⟨

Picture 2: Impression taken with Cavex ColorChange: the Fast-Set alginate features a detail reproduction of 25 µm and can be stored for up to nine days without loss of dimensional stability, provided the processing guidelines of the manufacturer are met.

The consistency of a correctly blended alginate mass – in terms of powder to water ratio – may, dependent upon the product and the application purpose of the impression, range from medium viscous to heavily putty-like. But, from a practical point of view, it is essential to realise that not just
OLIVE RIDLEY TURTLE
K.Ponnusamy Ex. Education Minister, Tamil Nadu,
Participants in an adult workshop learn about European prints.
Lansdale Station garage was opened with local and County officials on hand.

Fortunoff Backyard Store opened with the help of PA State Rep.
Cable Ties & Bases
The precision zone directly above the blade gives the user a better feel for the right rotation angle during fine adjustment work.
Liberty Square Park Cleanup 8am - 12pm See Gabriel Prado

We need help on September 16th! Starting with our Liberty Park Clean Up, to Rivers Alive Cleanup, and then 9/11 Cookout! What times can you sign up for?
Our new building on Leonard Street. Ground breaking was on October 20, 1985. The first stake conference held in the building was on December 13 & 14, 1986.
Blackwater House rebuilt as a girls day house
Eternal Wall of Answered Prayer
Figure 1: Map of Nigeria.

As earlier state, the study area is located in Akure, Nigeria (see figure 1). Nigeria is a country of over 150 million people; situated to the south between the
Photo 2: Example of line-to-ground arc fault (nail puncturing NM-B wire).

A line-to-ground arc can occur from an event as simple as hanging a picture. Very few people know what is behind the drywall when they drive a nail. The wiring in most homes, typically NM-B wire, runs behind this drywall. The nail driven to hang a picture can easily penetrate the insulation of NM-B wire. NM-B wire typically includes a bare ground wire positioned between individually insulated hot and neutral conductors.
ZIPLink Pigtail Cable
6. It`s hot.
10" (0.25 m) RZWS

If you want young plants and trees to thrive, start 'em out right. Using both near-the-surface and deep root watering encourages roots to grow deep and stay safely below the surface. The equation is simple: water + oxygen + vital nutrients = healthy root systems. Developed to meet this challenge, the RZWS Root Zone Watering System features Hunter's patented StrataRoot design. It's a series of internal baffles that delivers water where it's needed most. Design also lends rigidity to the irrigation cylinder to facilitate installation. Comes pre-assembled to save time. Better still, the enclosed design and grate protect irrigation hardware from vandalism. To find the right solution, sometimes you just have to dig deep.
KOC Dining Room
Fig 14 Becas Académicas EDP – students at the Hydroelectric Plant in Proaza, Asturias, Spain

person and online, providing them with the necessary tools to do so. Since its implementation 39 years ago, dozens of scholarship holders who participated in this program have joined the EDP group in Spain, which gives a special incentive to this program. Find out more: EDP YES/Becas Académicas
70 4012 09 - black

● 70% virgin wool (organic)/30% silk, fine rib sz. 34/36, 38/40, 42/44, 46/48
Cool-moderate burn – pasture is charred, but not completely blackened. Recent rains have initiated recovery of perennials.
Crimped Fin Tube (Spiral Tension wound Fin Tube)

⟩
⟨

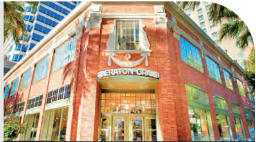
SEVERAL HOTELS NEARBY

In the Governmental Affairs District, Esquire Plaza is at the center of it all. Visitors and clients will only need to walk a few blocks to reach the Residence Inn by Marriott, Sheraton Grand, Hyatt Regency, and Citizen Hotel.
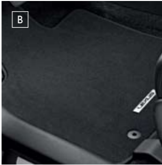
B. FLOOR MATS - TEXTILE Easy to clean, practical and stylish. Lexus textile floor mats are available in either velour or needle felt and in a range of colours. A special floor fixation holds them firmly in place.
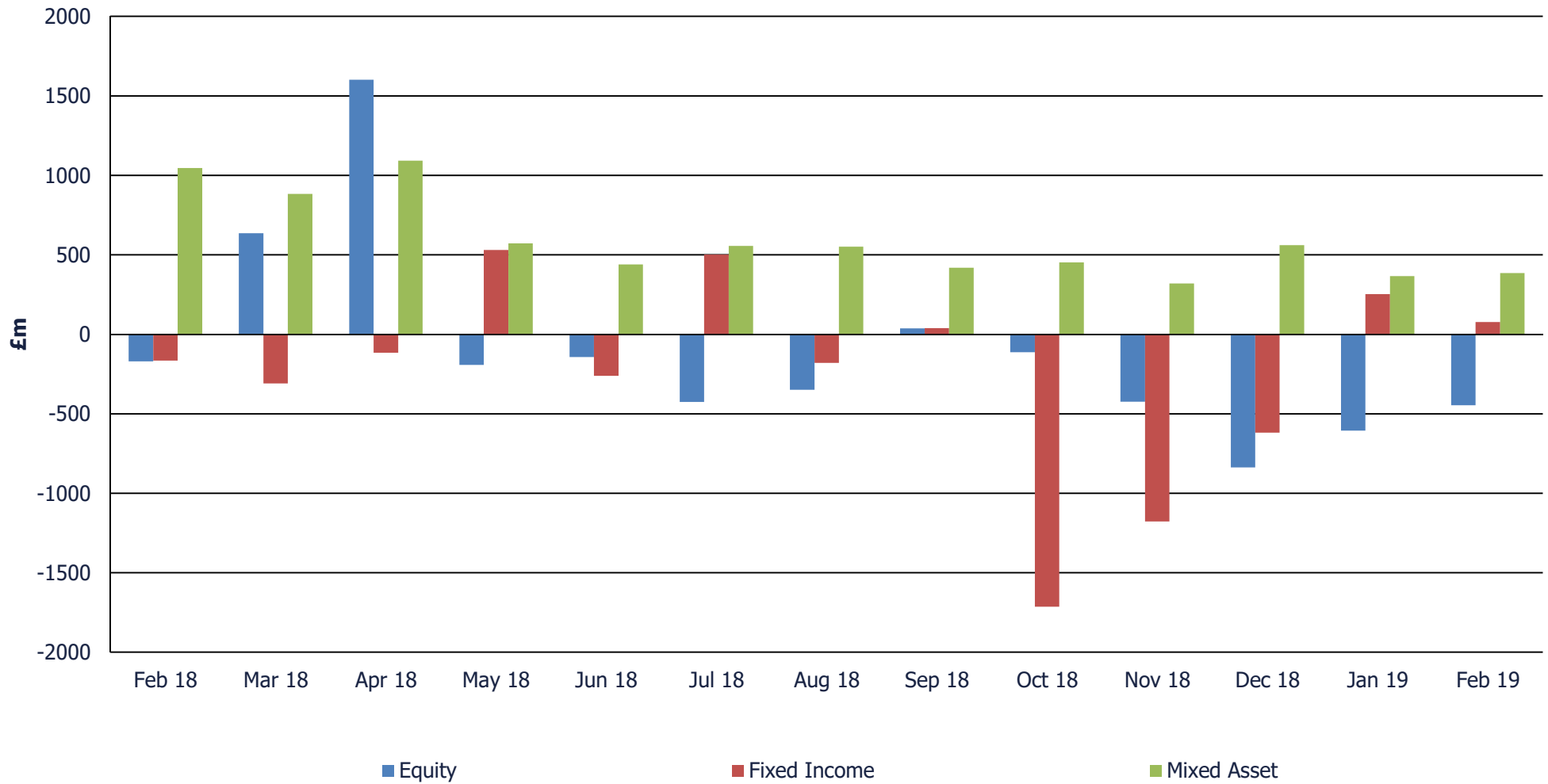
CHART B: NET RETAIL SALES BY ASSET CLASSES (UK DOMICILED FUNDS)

⟩

Your assignment - Reproduce verbatim the lines above, from the line with "Picture 2: Impression" through the line with "Cable Ties & Bases".

Problem solution -
Picture 2: Impression taken with Cavex ColorChange: the Fast-Set alginate features a detail reproduction of 25 µm and can be stored for up to nine days without loss of dimensional stability, provided the processing guidelines of the manufacturer are met.

The consistency of a correctly blended alginate mass – in terms of powder to water ratio – may, dependent upon the product and the application purpose of the impression, range from medium viscous to heavily putty-like. But, from a practical point of view, it is essential to realise that not just
OLIVE RIDLEY TURTLE
K.Ponnusamy Ex. Education Minister, Tamil Nadu,
Participants in an adult workshop learn about European prints.
Lansdale Station garage was opened with local and County officials on hand.

Fortunoff Backyard Store opened with the help of PA State Rep.
Cable Ties & Bases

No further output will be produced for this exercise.